→ Work required:
Pull every line that includes the word "gegen" from the data.

(Excerpts from a dataset)
--- START ---
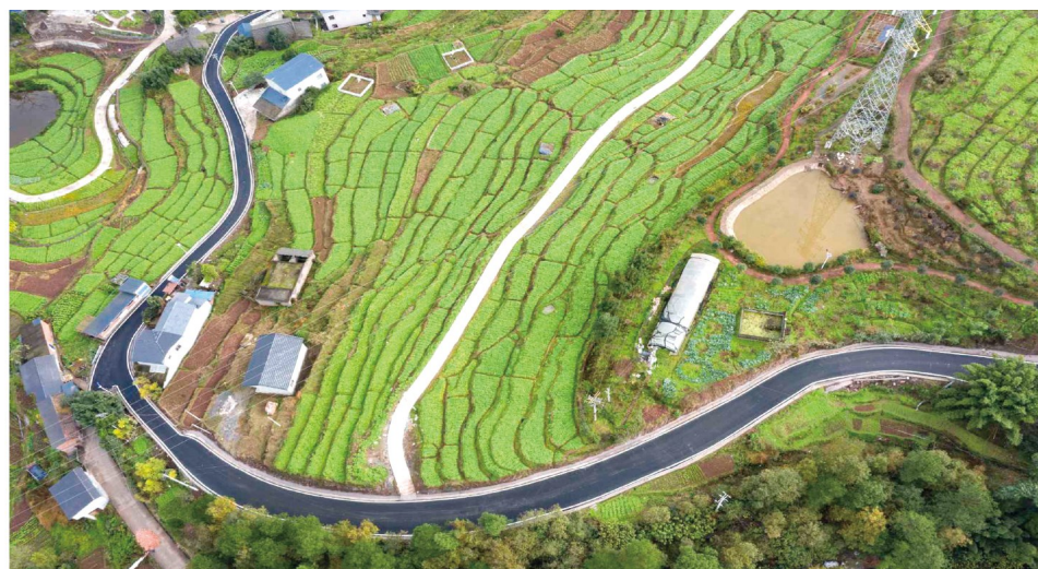
赶水草萝卜基地的产业致富路。

截至目前,中峰镇蜂群规模从2016年的不到1000群增至2020年的8000群,年均增长140%;年产量从2016年的8000斤增至2020年的6万斤,年均增长104%;年产值从2016年的200万元增至2020年的1200万元,年均增长200%;蜂农从不到100户增至500余户,培育蜂产业龙头企业1个,引进蜂产业科技公司1个,成立中峰镇养殖专业合作社4个,建起养蜂家庭农场13个,标准化养蜂园33个,成为了乡村振兴的一个典型范例。
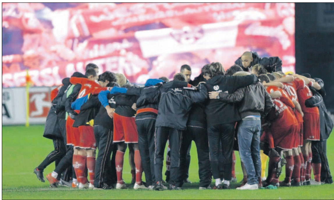
Geschlossenheit demonstriert der Kreis nach dem 3:0-Sieg des 1. FCK im letzten Heimspiel der Hinrunde gegen die TuS Koblenz.

Barbarossastadt. Erst vor wenigen Wochen ist der einstimmige Beschluss im Stadtrat zur Fusion von
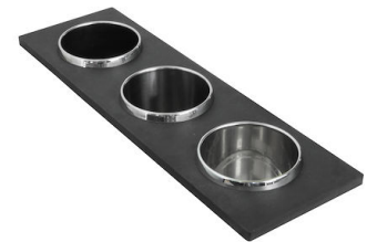
Set di 3 porta-bottiglie
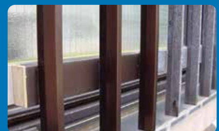
アルミ面格子(ブロンズ)
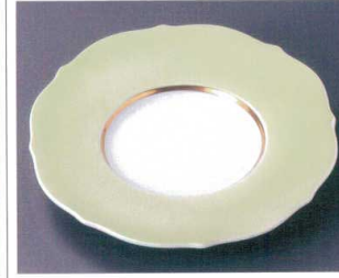
ソ143-44-2 ヒワ リム7.0皿 (φ21.5×2.3cm) ¥2,700 1621127041
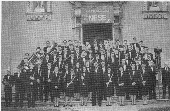
Il corpo musicale «Elia Astori» di Nese oggi suonerà al Centro Congressi
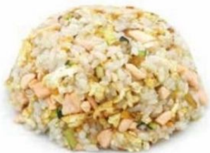
161. RISO AL SALMONE uovo, salmone* €6
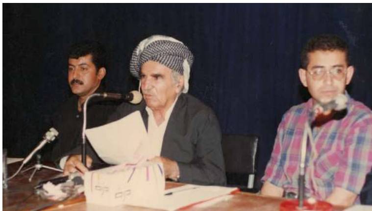
کۆنگره‌ی ۳۱ ی ئاب کۆری مامۆستا به‌هادین نوری سالی ۱۹۹۷
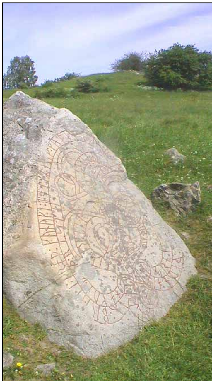
KUNGLIGA MINNEN. På runstenen i Hovgården används ordet "kung" för första gången i Sverige. I bakgrunden syns ruinerna av det medeltida slottet Alsnöhus.

I dag skyddas hela Hovgården som ett världsarv tillsammans med grannön Birka.
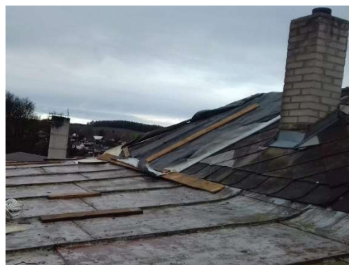
Únor – technická pomoc – upevnění poškozené střechy v obci Puklice
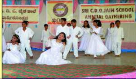
सांस्कृतिक कार्यक्रम रजु करता नाना विध्यार्थीओ
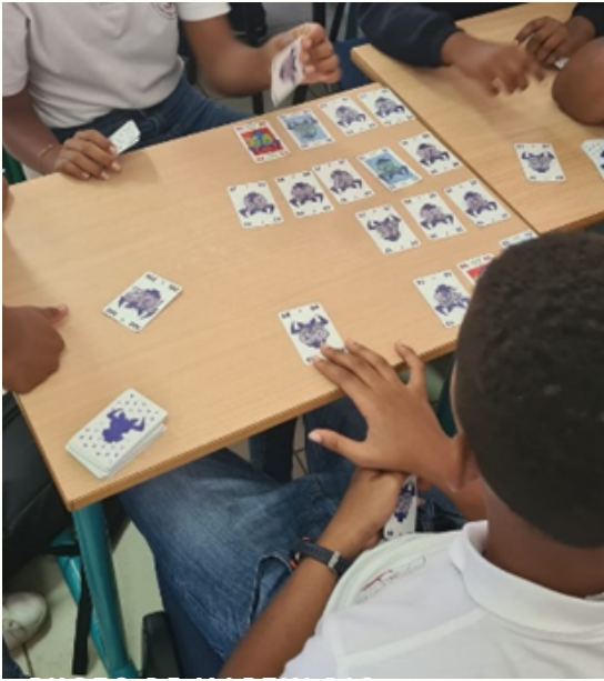
6 QUI PREND REBAPTISÉ « BON APPÉTIT... »

Tous les Lundis, Mardis et jeudis depuis le mois d'Octobre, les élèves du collège Bois Rada s'adonnent durant la pause méridienne aux mathématiques. C'est de manière ludique avec l'atelier « Jeux mathématiques », ou en y intégrant une dimension artistique avec l'atelier « Origami » qu'ils travaillent les compétences de la matière. Calcul mental, comparaison de nombres, repérage dans le plan, raisonnements logiques et stratégiques, géométrie dans l'espace deviennent du divertissement. Le club maths accueille des élèves de tous niveaux qui s'affrontent, s'entraident, s'enrichissent les uns des autres. Au-delà de l'intérêt pédagogique propre à la matière, la dimension humaine est donc une des composantes les plus intéressante avec des élèves qui sans même se connaître vont nouer des affinités le temps d'une partie ou deux.
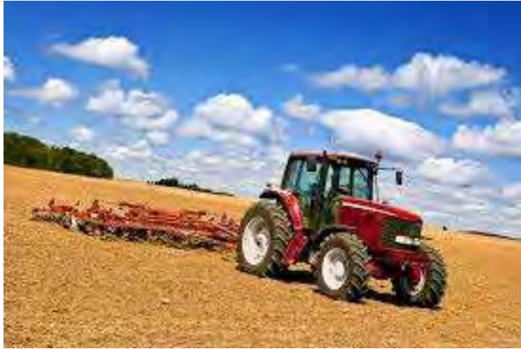
Εικόνα 14
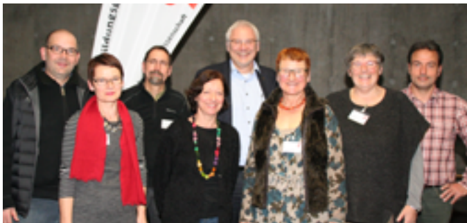
Fachgruppe Gewerbliche, Haus- und Landwirtschaftliche, Sozialpädagogische und Pflegerische Schulen

Die GEW unterstützt Mitglieder, die Personalratsmitglieder, Beauftragte für Chancengleichheit oder Schwerbehindertenvertretungen sind, mit Beratung und Schulungen. Die GEW ist mit Abstand die größte Interessenvertretung im Bildungsbereich und hat in Baden-Württemberg 50.000 Mitglieder.
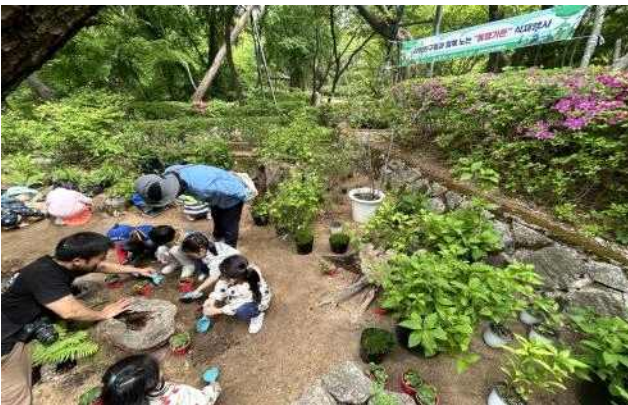
종로구 삼청공원(“누구의 집일까” 동행가든)
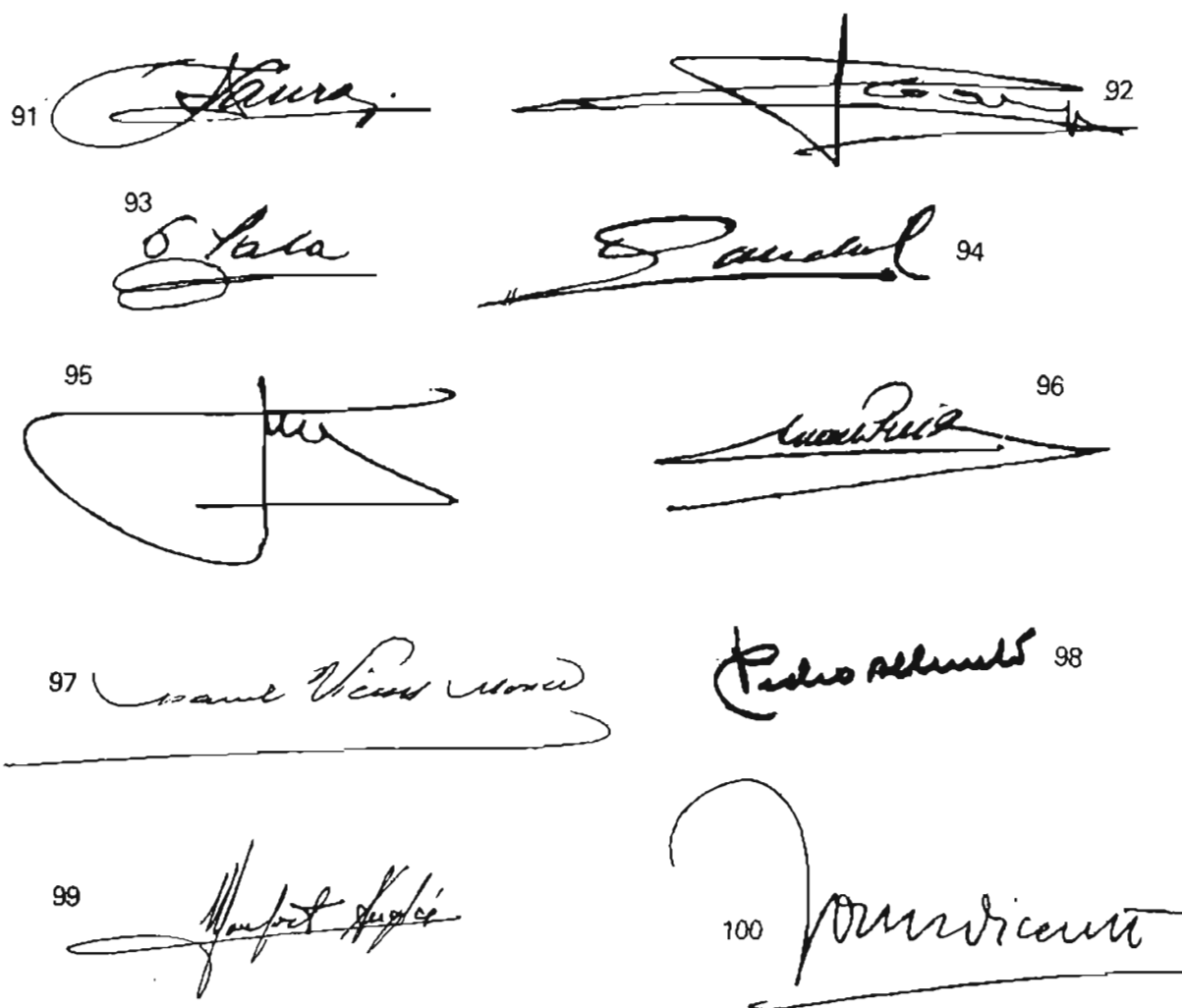
Signatures autògrafes de les primeres autoritats municipals guixolenques (1935-1984).

por el Excmo. Sr. Ministro de la Gobernación». Del 21-VIII-1973 al 18-IV-1979 (17-44).
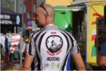
Zlot Food Trucków
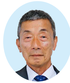
おかもと しゅういち 議員 岡元 修一

問 地域の力で続けてきた草刈りや側溝清掃が難しくなり、負担の偏りや竹林の荒廃が進んでいる現状を踏まえると、住民と行政が協力して暮らしを守る新しい維持管理の仕組みを考える時期に来ていると感じる。現状をどう見るか。
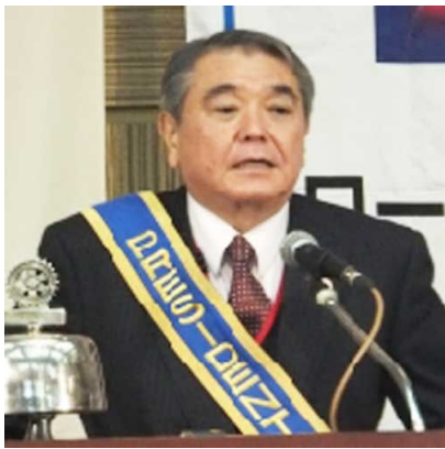
←田畑会長、ごあいさつ。
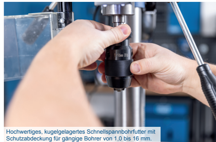
Hochwertiges, kugelgelagertes Schnellspannbohrfutter mit Schutzabdeckung für gängige Bohrer von 1,0 bis 16 mm.
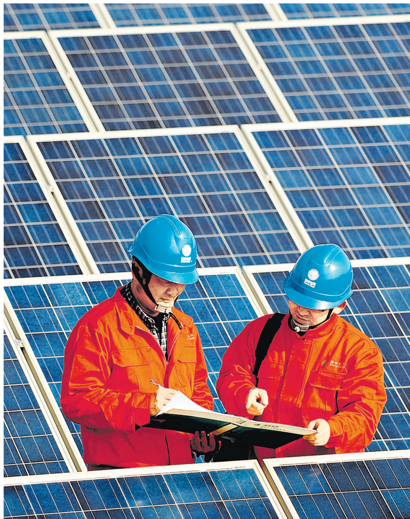
China exportiert zur Zeit Solarmodule im Wert von 21 Milliarden Euro in die Europäische Union.

Der EVP-Abgeordnete Andreas Schwab (CDU) kritisierte im Anschluss an die Anhörung, dass Mimica mit seinen Aussagen „sehr vage“ geblieben sei. Obgleich Mimica nur eine kurze Zeit von 16 Monaten, da die Amtszeit der Kommission im Jahr 2014 endet. Um dem neuen EU-Mitglied Kroatien ein eigenes Ressort überlassen zu können, wurde das bisherige Amt für Gesundheit und Verbraucherschutz aufgespalten. Mimica ist derzeit stellvertretender Regierungschef seines Landes. Der Diplomat war maßgeblich an den Beitrittsverhandlungen seines Landes mit der EU beteiligt. Er studierte in Zagreb Wirtschaftswissenschaften, arbeitete im Außenhandel, veröffentlichte aber auch eine Reihe wissenschaftlicher Publikationen zu diesem Thema. Der Sozialdemokrat gilt daher als international äußerst gut vernetzt.
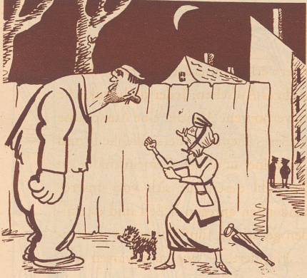
Die mutigen Frauen in Amerika.

Die amerikanische Polizei hat dem Publikum den Rat gegeben, sich gegen die Banditen selbst zu wehren und bei Überfällen mutig zuzuschlagen.
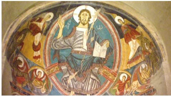
バルセロナのカタルーニャ美術館でロマネスク・コレクションを堪能します
--- END ---
→ Exercise result:
Geschlossenheit demonstriert der Kreis nach dem 3:0-Sieg des 1. FCK im letzten Heimspiel der Hinrunde gegen die TuS Koblenz.
Die amerikanische Polizei hat dem Publikum den Rat gegeben, sich gegen die Banditen selbst zu wehren und bei Überfällen mutig zuzuschlagen.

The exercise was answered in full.